Firstly, this series is not going to be about gods as psychological constructs and/or archetypal human symbology other than how those concepts inflect and mediate individual experience of gods.
Otherwise, it is hard to talk about gods. The problem comes in part from how nebulous the concept is for some people while it is quite concretized (as well as you can concretize such concepts) for others. We have the demiurgic conceptions of god and deity as something like Star Trek’s Q but without Q needing (or wanting) to show up as John de Lancie to snap his fingers. Indeed, this conception typically imagines a god or gods who can reorder reality on cosmic scales with omnipotent power and with omniscient awareness. Do you need to bring people back to life? Poof. Do you need to make the sun mauve? Zappo. Do you need to have this universe be antimatter dominant? Bam. Do you need to make rent this month? Socko.
And so on.
In the middle range, you have ideas of gods as having overt power and influence, but constrained. I sometimes think of this view as the D&D god model. For example, Thor is the god of thunder, so he must have most of his power focused around weather, thunder, storms, lightning, and so on. You would go to Thor for weather-related prayers and maybe to Loki for cunning, fire, etc. Within their respective spheres (domains, portfolios, specialties?), the gods wield great power, but they are constrained.
Somewhere on the other end of the scale, you have the local spirits of place, gods of rivers and trees, heros cults, things like that. One might imagine the god of the Mississippi River or the Danube, and you would go to said god for prayers relating to those rivers, the waters, the land through which they move, maybe even the communities through which they run, but you might not bother to call on them while you are lost in the Gobi. You might make offerings or requests for help to Odysseus if you live near Ithaca, but Odysseus is probably not interested as much in what is happening to communities in South America because, well, that is the domain of other beings.
Of course, those who buy into the omnipotent demiurge model of deity do not typically think of intelligences existing on other levels as gods but as demons, devils, angels, spirits, ancestors, or something similar. As others have noted, monotheistic traditions have levelled the vast range of intelligences that folks might call gods under a selection of (mostly) synonymous terms: e.g., god, deity, and divine.
I do note how the above range seems to emphasize the power and scope of deity rather than what deity is let alone who deity (deities) may be. Often, cultures assign gods and deities the higher places in cosmological hierarchies with a host of “lesser” or “adversarial” supernatural beings. Of course, humans tend to be rather prone to categorization, and cultures have named beings angels, demons, trolls, faeries, spirits, idises, heros, ancestors, nymphs, and more.
Beyond such categorizations, which are typically human and mortal distinctions based on observation or (instrumental?) reason or imagination, people also have different ideas about what the gods want, what the gods want with humans, and so forth. I also consider the question of what do humans want with the gods let alone how humans use and imagine the gods.

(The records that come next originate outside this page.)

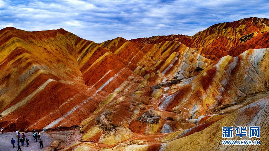 2018年9月5日,游人在张掖丹霞国家地质公园游览。 大地之色,俯仰之间;壮美山河,是我的祖国。2018年,新华社记者操纵无人机“飞阅”华夏大地,在最美的时节,定格下她的色彩斑斓。 新华社记者 陶明 摄
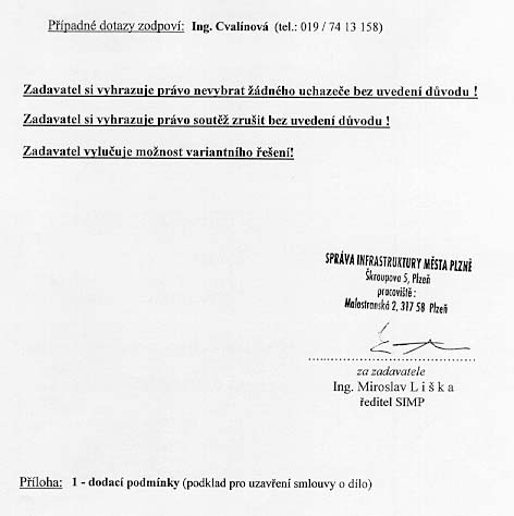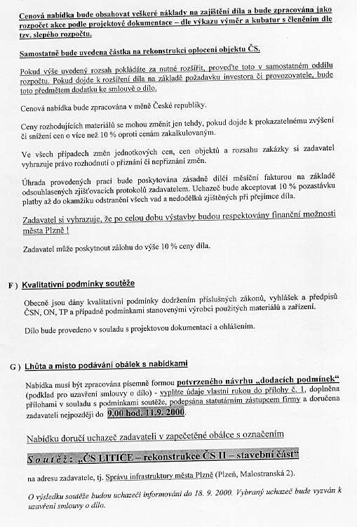 | Nabídka: 1. 1 086 636 Kč 2. dle referenčních listů 3. subdodavatelé 4. 36 měsíců 5. 31.12.2000 |
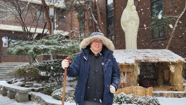 흰눈이 펑펑 내린던 날신부님, 수녀님, 사무장님, 베네딕토 형제님그리고 예쁜 총회장님과 이쁜 자매님들...함박눈이 펑펑 내려 쌓이는 눈을쓸고 또 . . .
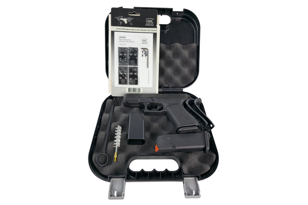 Informationen: "gebr. GLOCK Mod. 19 Gen. 5 MOS im Originalkoffer mit Reservemagazin und orig. MOS-Adapterset, Zustand: Neuwertig, NPR: € 1.020,00"
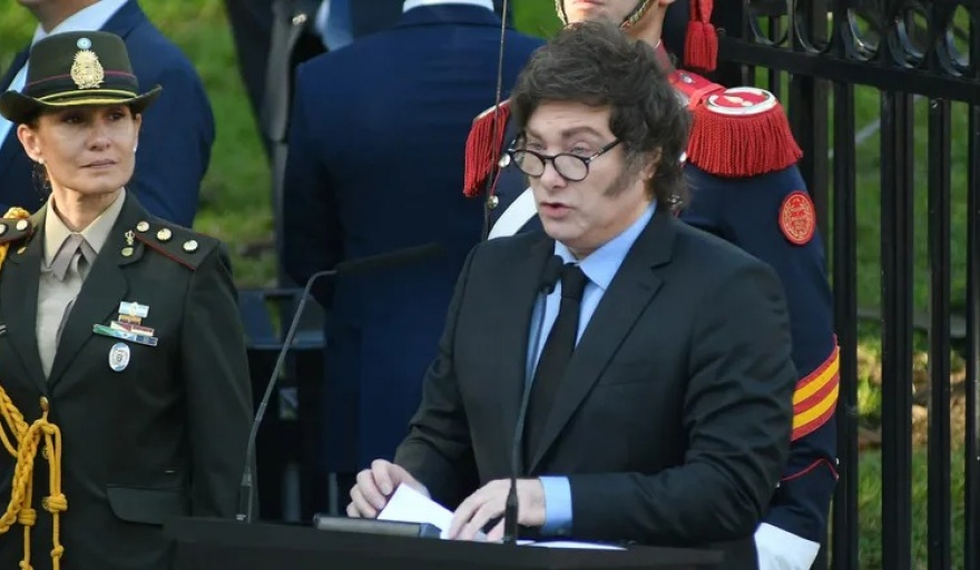 "Anhelamos que los malvinenses decidan algún día votarnos con los pies a nosotros. Por eso buscamos hacer de Argentina una potencia tal que ellos prefieran ser argentinos", dijo Milei durante el acto oficial en la Plaza San Martín.
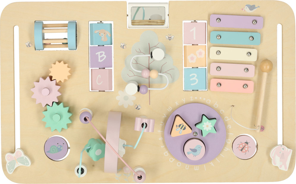 Je vyrobený z dreva so zaoblenými hranami, čo zaručuje bezpečnosť pri hre. Všetky prvky sú natreté netoxickými farbami, takže sú pre batoľatá bezpečné. Pastelové farby sú pútavé a dokonale zapadajú do detskej izby. Výrobok spĺňa všetky európske bezpečnostné normy a je certifikovaný CE.
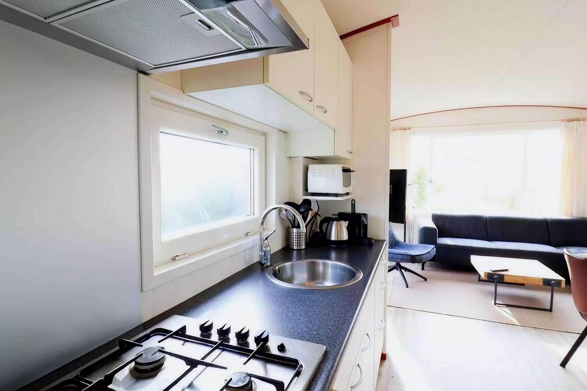 Med familien kan du komfortabelt nyte en uforglemmelig ferie i denne sanddynehytta. Den har en fin beliggenhet mellom golfbanen, sanddyneområdet og havet, og det er også kort vei til lekeplassen. Hollum er en landsby på øya Ameland; et populært turistmål kjent for sitt pittoreske landskap, brede sandstrender (gangavstand fra huset) og sjarmerende atmosfære. Du kan nyte gåturer, sykle (leie i parken) og bade i det nærliggende havet. En av hovedattraksjonene i landsbyen er fyret. Dette er det eldste fyret i landet som fortsatt er i bruk. Øya er også kjent for sitt brede utvalg av fuglearter, noe som gjør den også populær blant fuglekikkere.Den koselige oppholdsrommet byr på en lys sittegruppe, en hagedør til terrassen og en spiseplass med et velutstyrt åpent kjøkken. På et av soverommene er det en ekstra feltseng (ta med eget sengetøy) som kan flyttes ved behov. Alle soveplasser er utstyrt med en enkelt dyne og pute. På badet finner du dusj, toalett og servant.

Polytheists and occultists have often commented on how the gods need humans just as humans need the gods. Spirits of place-as-gods arguably do have stakes in human politics as environmental and other concerns lead to wholesale disruptions to environments and locales. Ancestors who once received generational veneration and remembrance can lie forgotten for centuries. Gods who are perhaps egregoric representations of political/cultural groups—the Brigantes tribe, for example, comes to my mind immediately—may indeed “go to sleep” without attention and worship. But I also wonder about other gods. For example, if we believe in a Thor who is not merely a tribal ancestral heros or an egregoric intelligence or the creation of human belief & worship—if we accept that Thor is a god with his own agency and independence and so forth—then I find it hard to imagine that Thor needs us, that he depends on us for existence or power or anything like that. Thor might desire a relationship with one or more people; people might desire a relationship with him. The desire and intention on both sides of such a relationship might help bridge this world and wherever Thor exists. However, I find it hard to accept that Thor’s existence depends on us providing offerings.
In this series, I want to offer some of my thoughts on these ideas and others. In particular, I will offer my own experiences of several deities and similar intelligences. And I want to emphasize that I offer these reflections and experiences not to argue that your experience, if it is different, is wrong or bad or that mine is necessarily Fact and Truth and Sooth. Think of my purpose as offering possibilities and ways of thinking about these topics. One person’s experiences to consider as you perhaps ponder your own.
 From a very reductionist and rather reified perspective, of course.
 Others have commented on the etymological distinctions between god and deity, from their respective roots.
 Interestingly, some traditions point to adversaries as occupying what is essentially equal cosmological footing, even if cultures may prioritize their chosen divinities. The Aesir, Vanir, and Jotun come to mind, and the canny have correctly questioned where the precise distinction between the giants and gods is. Similarly, the Olympian tradition categorizes primordials, titans (and giants?), and gods by generation more than other distinctions.
 Yes, I am applying what was traditionally a classical cultus concept to a non-classical deity here.